__Activity__
The lines in the listing below are to be given again exactly, starting at the line holding "Lot 2 bodies" and ending at the line holding "幸亏及时获救 老夫妇驾车掉进水塘中". Do not include pictures.

__Material provided__
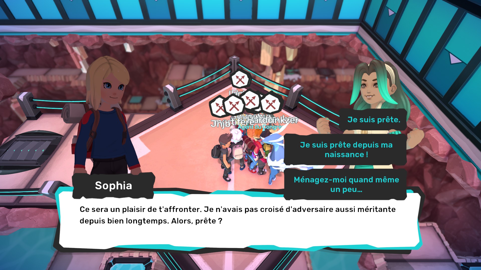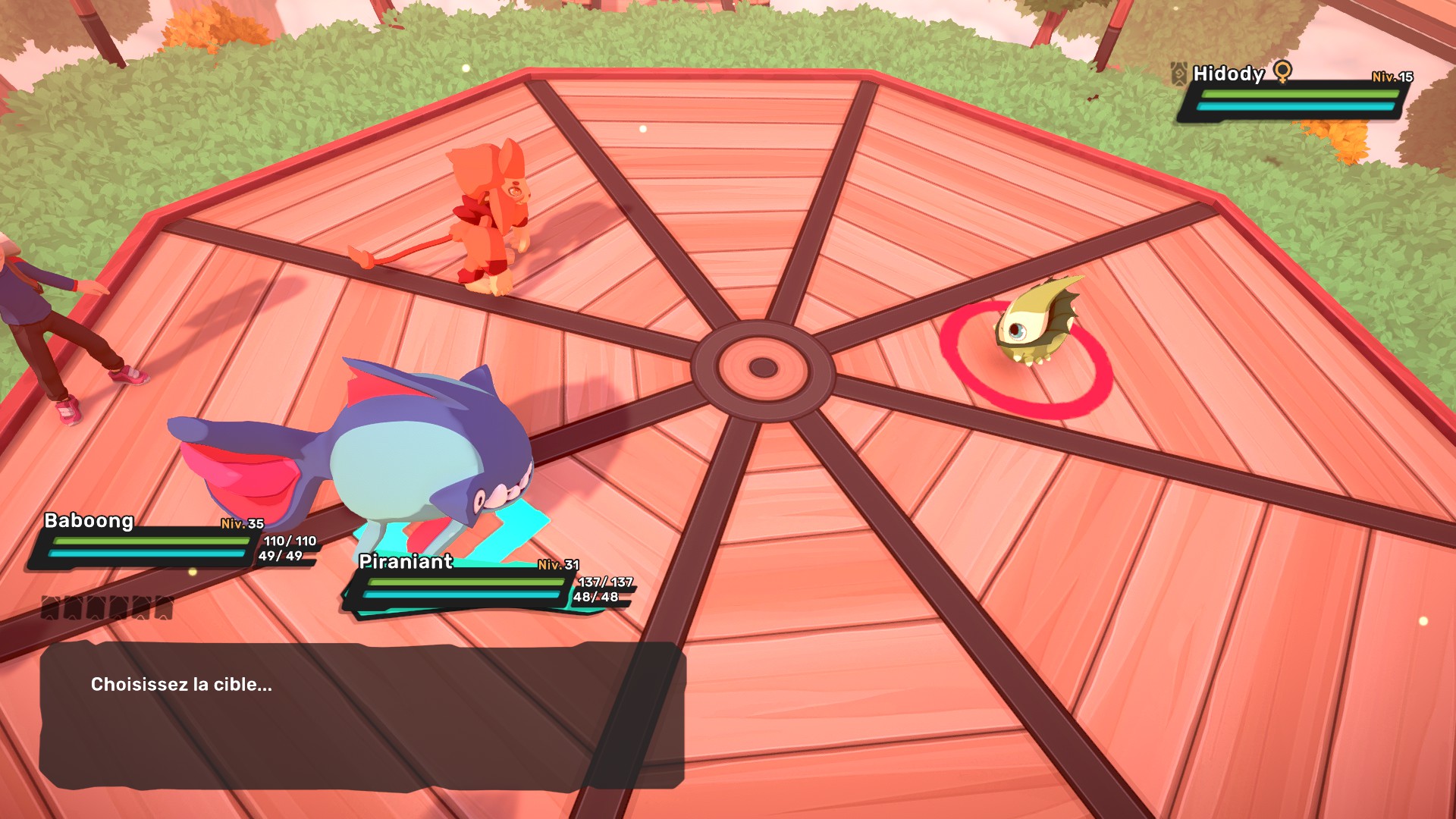 Pour les points positifs, on notera que le jeu possède des contrastes assez forts et une interface plutôt épaisse et lisible. L’interface en combat propose des boutons avec des logos ou une police d’écriture large. Lorsque vous viserez les ennemis, un cercle bien visible se présentera sous le temtem visé.
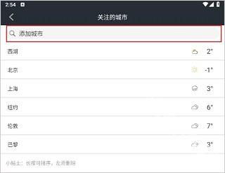 2、在列表中找到“关注的城市”,然后在搜索栏中添加城市,如北京。
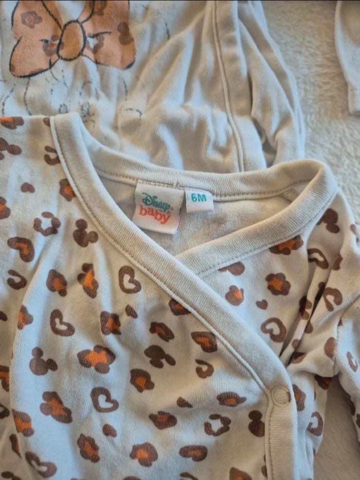 Lot 2 bodies minnie 6 mois disney Les cols sont légèrement jaunes Le motif minnie est effacé sur un des bodies
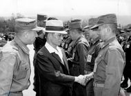 - 김대중 총재, 이희호 여사와 함께 앉아있는 김신묵 권사의 모습이 담겨있는 사진
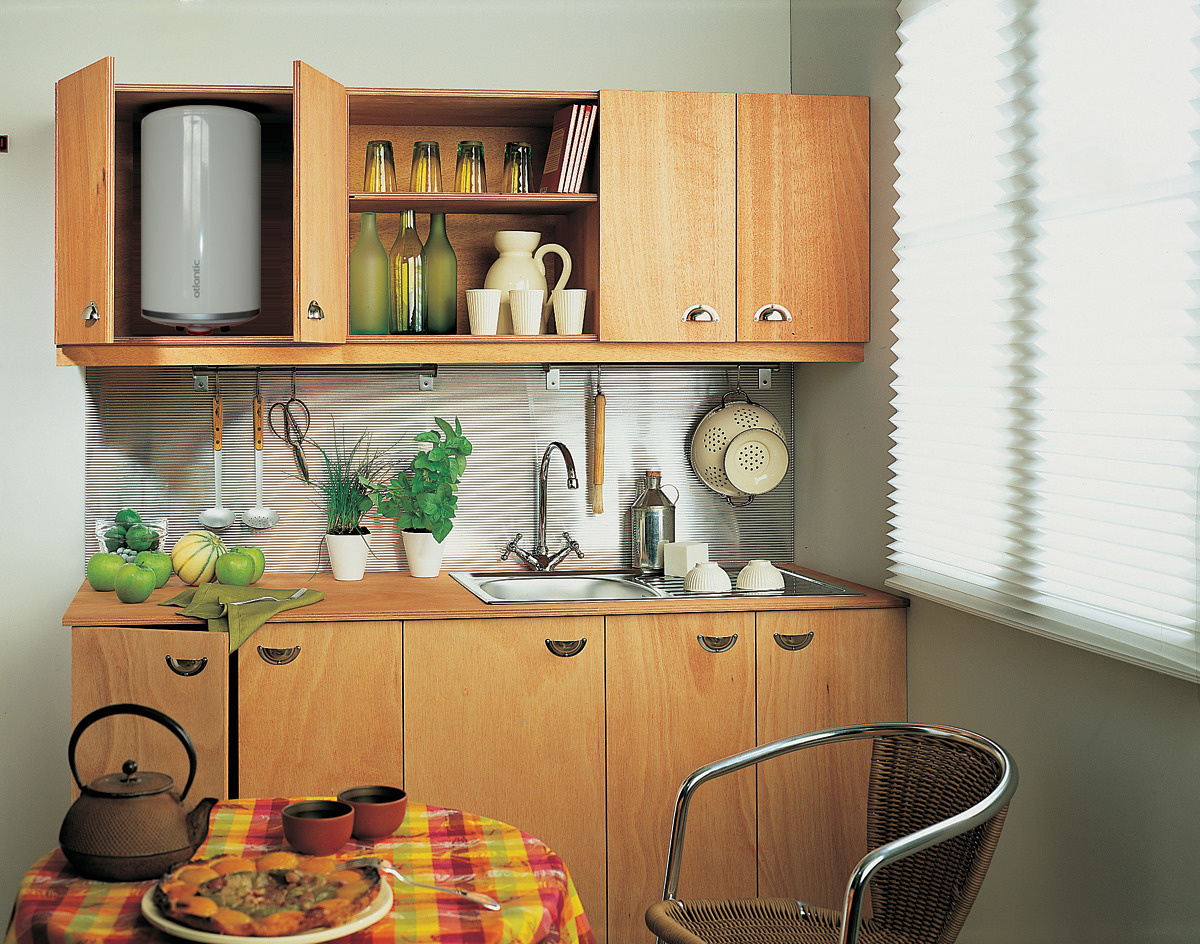 Untuk menjimatkan ruang, anda boleh memberi pilihan kepada peralatan dapur bersaiz kecil:
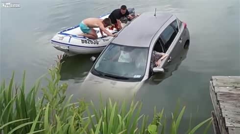 幸亏及时获救 老夫妇驾车掉进水塘中
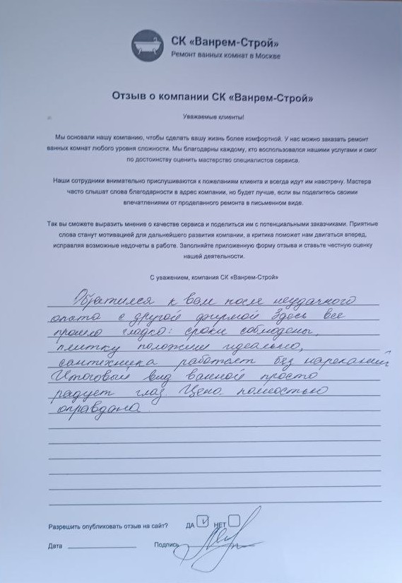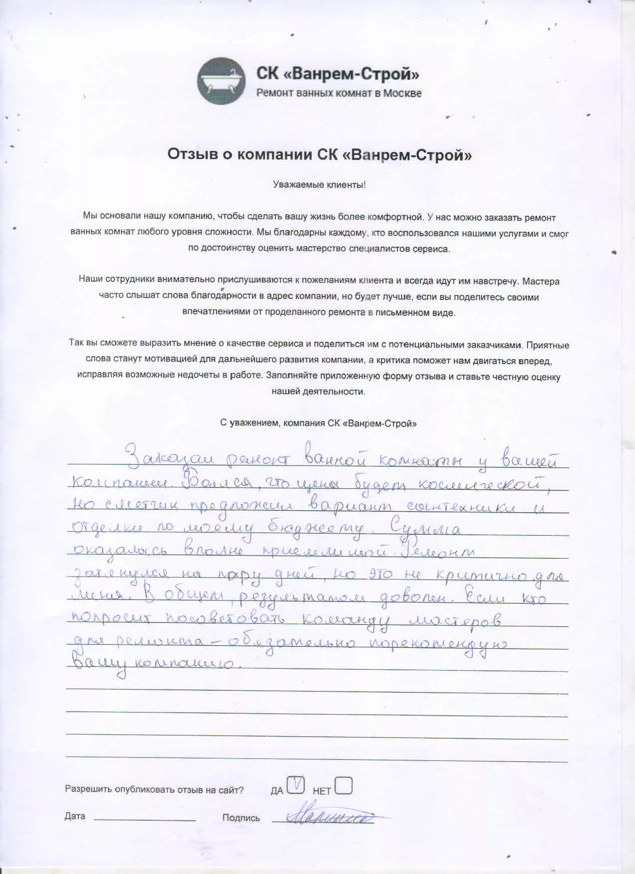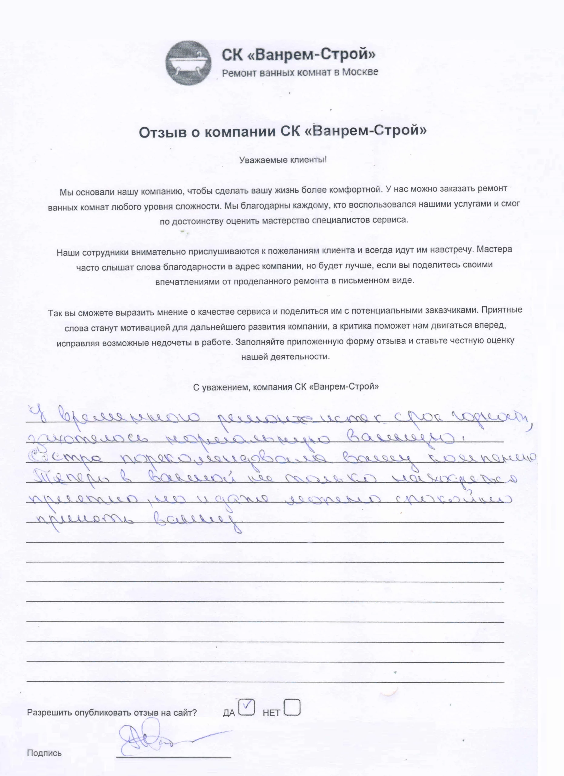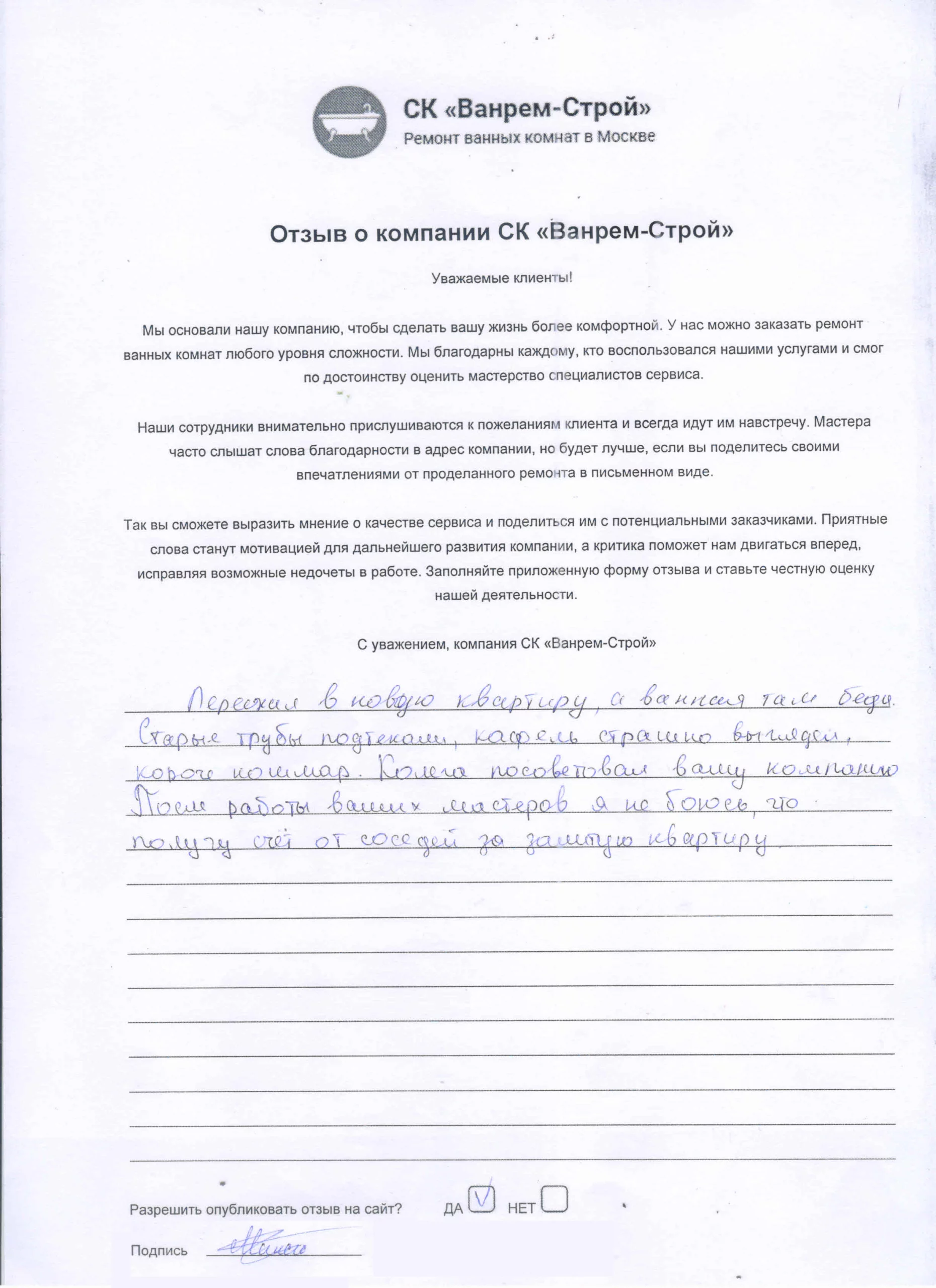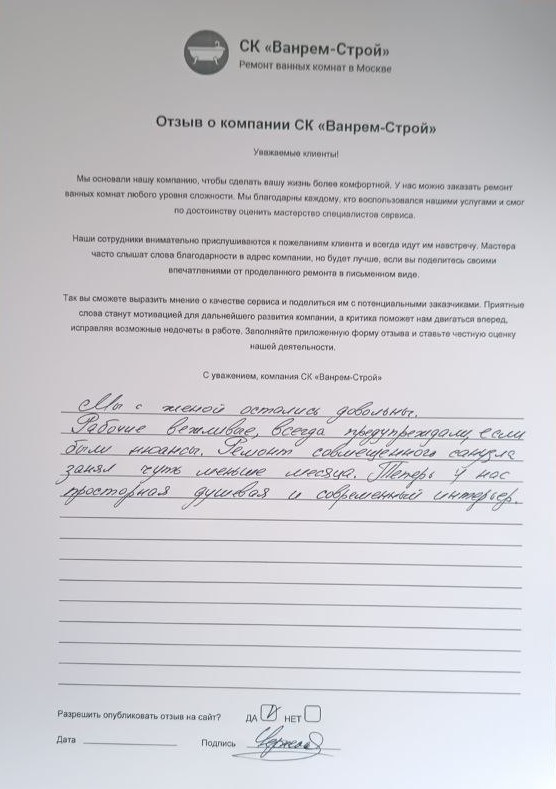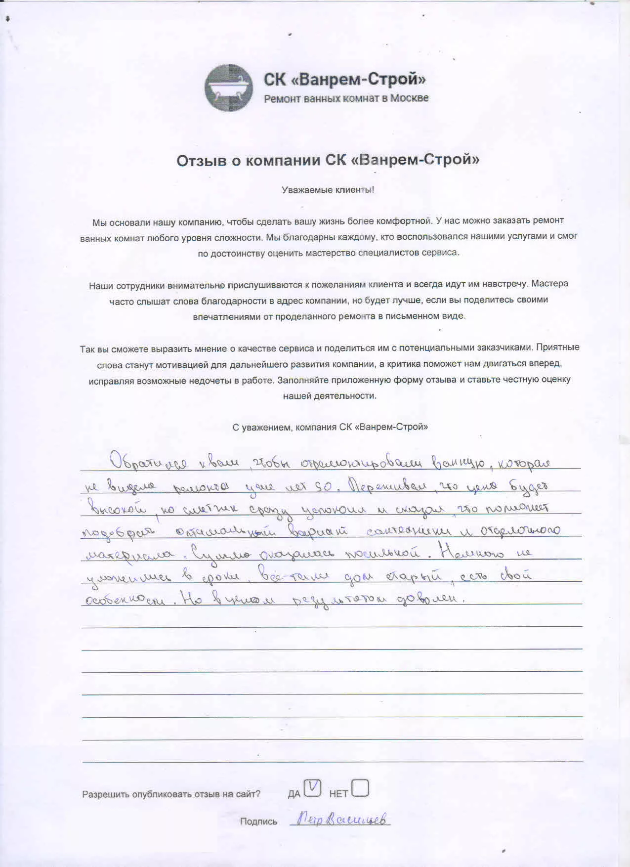 Реальные заказчики дают объективную оценку комплексной работы коллектива сотрудников СК «Ванрем-Строй». Для получения достоверной информации о качестве предоставляемых нами услуг по ремонту ванных комнат, санузлов и туалетов, изучите отзывы клиентов нашей компании.

__Solved problem__
 Lot 2 bodies minnie 6 mois disney Les cols sont légèrement jaunes Le motif minnie est effacé sur un des bodies
 - 김대중 총재, 이희호 여사와 함께 앉아있는 김신묵 권사의 모습이 담겨있는 사진
 Untuk menjimatkan ruang, anda boleh memberi pilihan kepada peralatan dapur bersaiz kecil:
 幸亏及时获救 老夫妇驾车掉进水塘中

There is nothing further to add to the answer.